With time, you can grasp command over more mathematical concepts to advance in your career.
Q6: Do Data Analysts need to be familiar with big data?
Big Data is a compilation of data massive in volume and increasing exponentially. Yes, Data analysts can receive Big Data to work on. All types of Data Analytics – diagnostic, descriptive, prescriptive, and predictive- employ big data to solve different business problems. Data Analysts require Tableau for the visualization of Big Data.
Q7: Are team collaboration skills needed for Data Analysts?
Definitely, Communication is a fundamental soft skill for a data analyst when collaborating with your team. Suppose you are meeting with your business stakeholders; being an active listener would assist you in understanding their expectations. You can get different projects to work with a team that can require you to present a complicated technical matter to non-technical colleagues. Collaboration skills are an essential part of soft skills.
Q8: What type of qualifications or certifications do Data Analysts need?

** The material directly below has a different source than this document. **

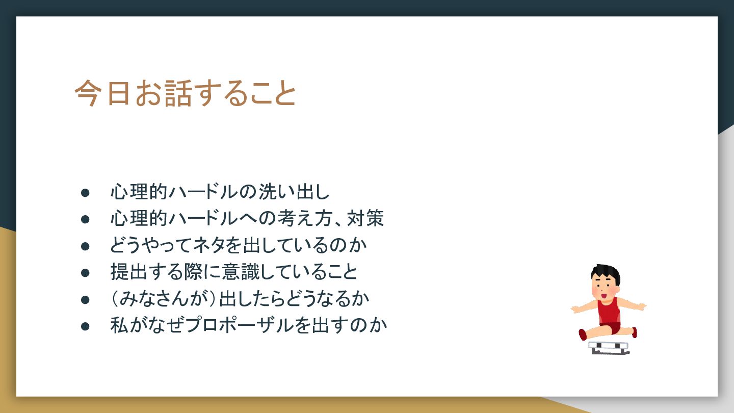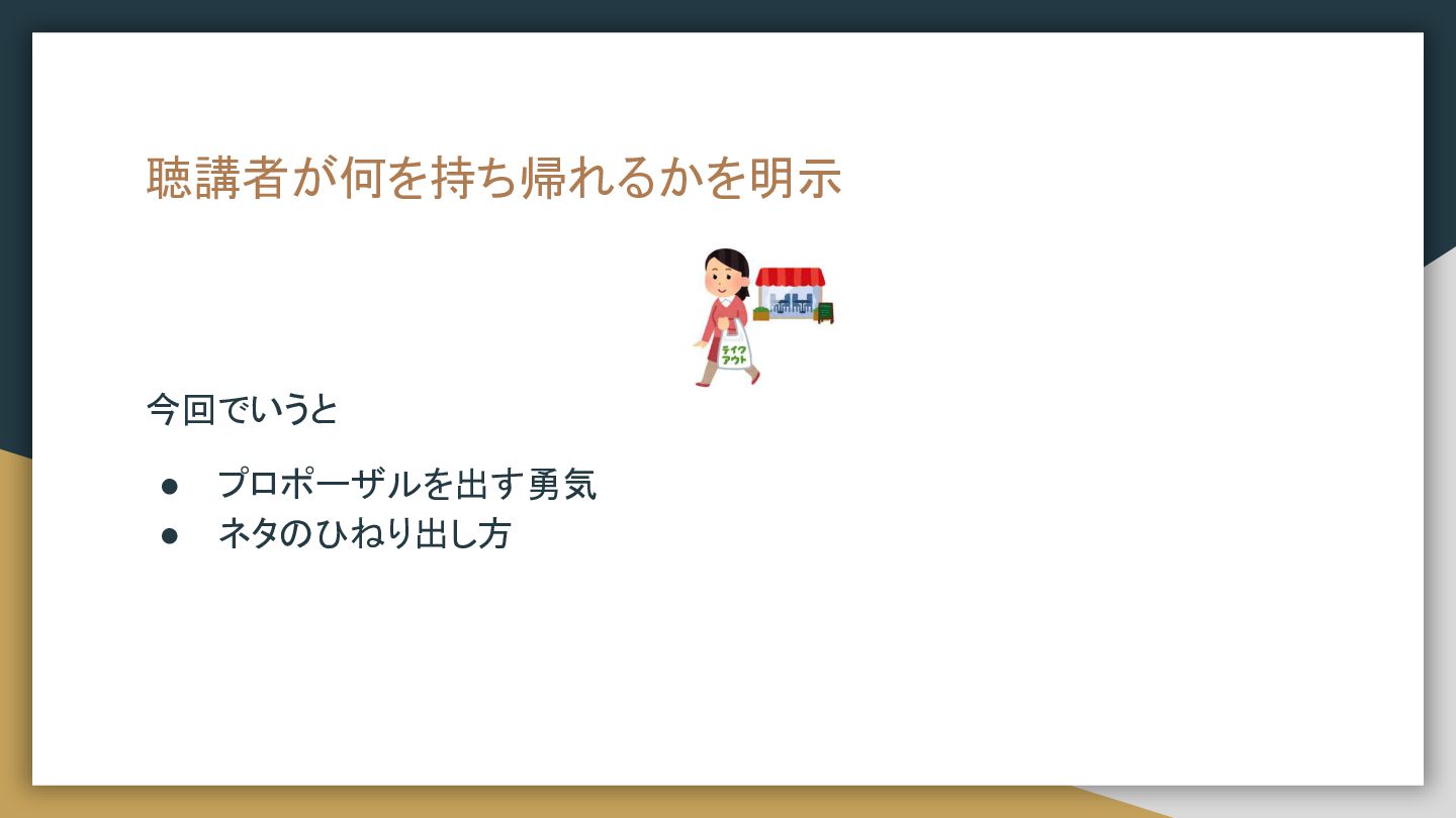 聴講者が何を持ち帰れるかを明示 今回でいうと • プロポーザルを出す勇気 • ネタのひねり出し方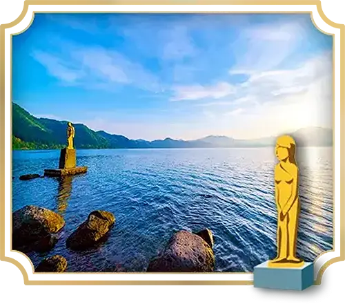 以深度第一、透明度第二的湖水聞名日本的田澤湖,最深處達423米,湖畔旁金色的辰子像,增添了浪漫的傳說,寧靜的水面倒映著漂亮的藍天和白雲,在光線的折射下,呈現出七彩的琉璃色。

A technical or coding background is not essential to becoming a Data Analyst. You don’t require a particular qualification or certification to work as a data analyst; it’s purely a skill-based job profile. You can become a Data Analyst if you have the above practical skills.
Many organizations or educational institutions offer data Analysts online/offline courses with live projects to help you become a certified data Analyst. You can participate in boot camps to gain practical experience.
A bachelor’s degree is the lowest educational eligibility to become a data analyst. It’s advantageous if you hold a bachelor’s/Master’s degree in finance, computer science, economics, statistics, and mathematics, which develops analytical skills. Different sectors can set their eligibility criteria depending on the requirement.